Cynthia McKinney Statement on the Sean Bell Verdict

Cynthia McKinney
Statement on the Sean Bell Verdict
April 26, 2008

“[T]he legislation and histories of the time, and the language used in the Declaration of Independence, show, that neither the class of persons who had been imported as slaves, nor their descendants, whether they had become free or not, were then acknowledged as a part of the people, nor intended to be included in the general words used in that memorable instrument. . . . [A]ltogether unfit to associate with the white race, either in social or political relations; and so far inferior, that they had no rights which the white man was bound to respect.”

And with that, the United States Supreme Court ensured that the 20th Century would be defined, as W.E.B. DuBois wrote, by the color line. So, while we might be outraged at the Sean Bell decision itself, it comes directly from the flawed jurisprudence that gave us the Dred Scott Decision in 1857, Plessy v. Ferguson in 1896, Bakke in 1978, Croson in 1989, Adarand in 1995, Gratz in 2003, and all of the Ward Connerly-inspired attacks on the very same affirmative action hard won by students facing water hoses and dogs; men and women facing jail, lynch mobs, and death.

Interestingly, according to Attorney Roger Wareham of the December 12th Movement’s International Secretariat, the criminal justice system in this country “always finds a rationale for letting off cops who kill black and brown people.” Indeed, police officers seem to know that they can kill certain people with impunity.

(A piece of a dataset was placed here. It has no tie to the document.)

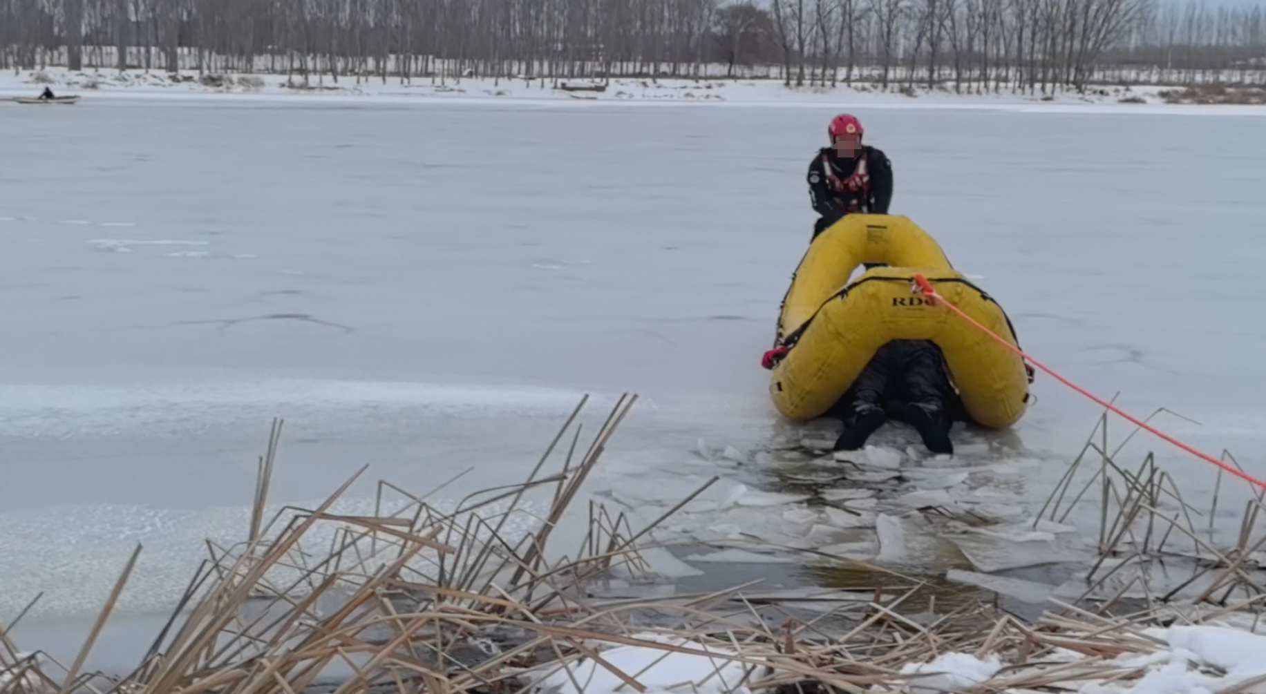 勘查完現(xiàn)場(chǎng)情況后,消防救援人員發(fā)現(xiàn),雖然氣溫低,但河面的冰并未凍結(jié)實(shí),只有薄薄一層。消防救援人員決定利用冰面救生筏以及繩索救人:兩名消防員攜帶救生筏逐步靠近被困男子,其他消防員在岸上利用繩索牽引保護(hù)。

Just in New York City alone, Wareham rattles off the murders that have defined police-”communities of color” relations over two generations:

Clifford Glover, 1972
Louis Baez, 1978 shot (22 times)
Randolph Evans, 1979
Eleanor Bumpers, 1985 (a grandmother)
Amadou Diallo, 1999
Patrick Dorismond, 2003
Sean Bell, 2006

Sadly, New York City isn’t the only city, with this plague. In 2001, the Dayton Daily News reported that Cincinnati topped the list of police killings of Blacks, having had 22 people shot, 13 fatally. All black men. Three unarmed. Plus two additional deaths due to police use of chemical irritants.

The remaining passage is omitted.